12En outre, c’est seulement dans la mesure où l’on saisit bien comment le désir conjugue la transcendance du moi devant toute limite et la revendication primordiale de la Valeur3 qu’il devient possible de dévoiler le fondement ultime de l’exigence métaphysique et, avec lui, l’orientation originaire de l’homme vers l’absolu en tant que « Dieu ». Quand, donc, sont invoquées la raison (Kant), l’existence (Kierkegaard), les idées du cogito (Descartes), la néantisation du Pour-soi (Sartre), elles ne le sont jamais qu’en qualité de porte-paroles pour le désir égotiste ; c’est lui le vrai fondement, — envers lequel, d’ailleurs, les porte-paroles ont la fâcheuse habitude de se conduire en traîtres et en usurpateurs ! De ce point de vue, ce sont les esprits critiques, Nietzsche et Freud, qui ont été les plus perspicaces : lorsqu’ils ont attaqué l’idéalisation métaphysique, ils ont pris pour cible — le désir humain !
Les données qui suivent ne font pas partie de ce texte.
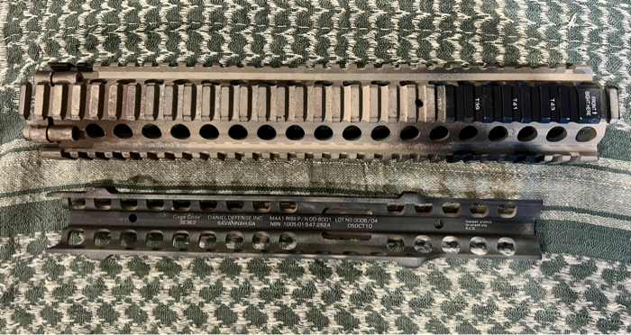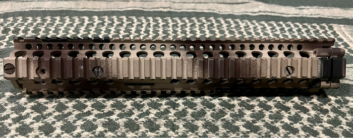 Selling a used and painted DD MK12 rail, 4/6 mounting screws and barrel nut included. This is a Madbull licensed rail, not a aliexpress knockoff.

13Pourquoi le désir égotiste s’élance-t-il vers les « arrière-mondes » et se change-t-il en nostalgie de Dieu ? La réponse défendue par l’Intégralisme s’organise autour du concept de « Discordance » : le moi s’adresse à Dieu, au-delà du monde empirique, à la faveur d’une anticipation compréhensive, parce qu’il constate, dans les épreuves de la frustration, de l’humiliation, de la souffrance et de la mort, la Discordance irrémédiable entre son désir et la réalité immanente. L’alternative surgit, alors, dans sa radicalité impressionnante : ou bien le moi est une absurdité, ou bien il doit attendre d’une Transcendance l’accomplissement de la vérité de son être. Car entre le monde et la destination égotiste il y a conflit... mortel !
14S’aviserait-on de suspecter, comme extravagante et immorale, cette exigence égotiste, je conseillerais de riposter avec cette superbe légitimation que nous offre Kierkegaard : « Je sais qu’à cet égard je n’ai rien à me reprocher, car ce n’est pas par moi-même que je suis devenu si effronté, mais c’est justement le christianisme qui m’y oblige. Il donne une tout autre importance à mon petit moi ainsi qu’à tout autre moi, si petit soit-il, puisqu’il veut rendre ce moi éternellement bienheureux s’il est assez heureux pour venir à lui » (Post-Scriptum aux Miettes philosophiques, introduction, p. 9).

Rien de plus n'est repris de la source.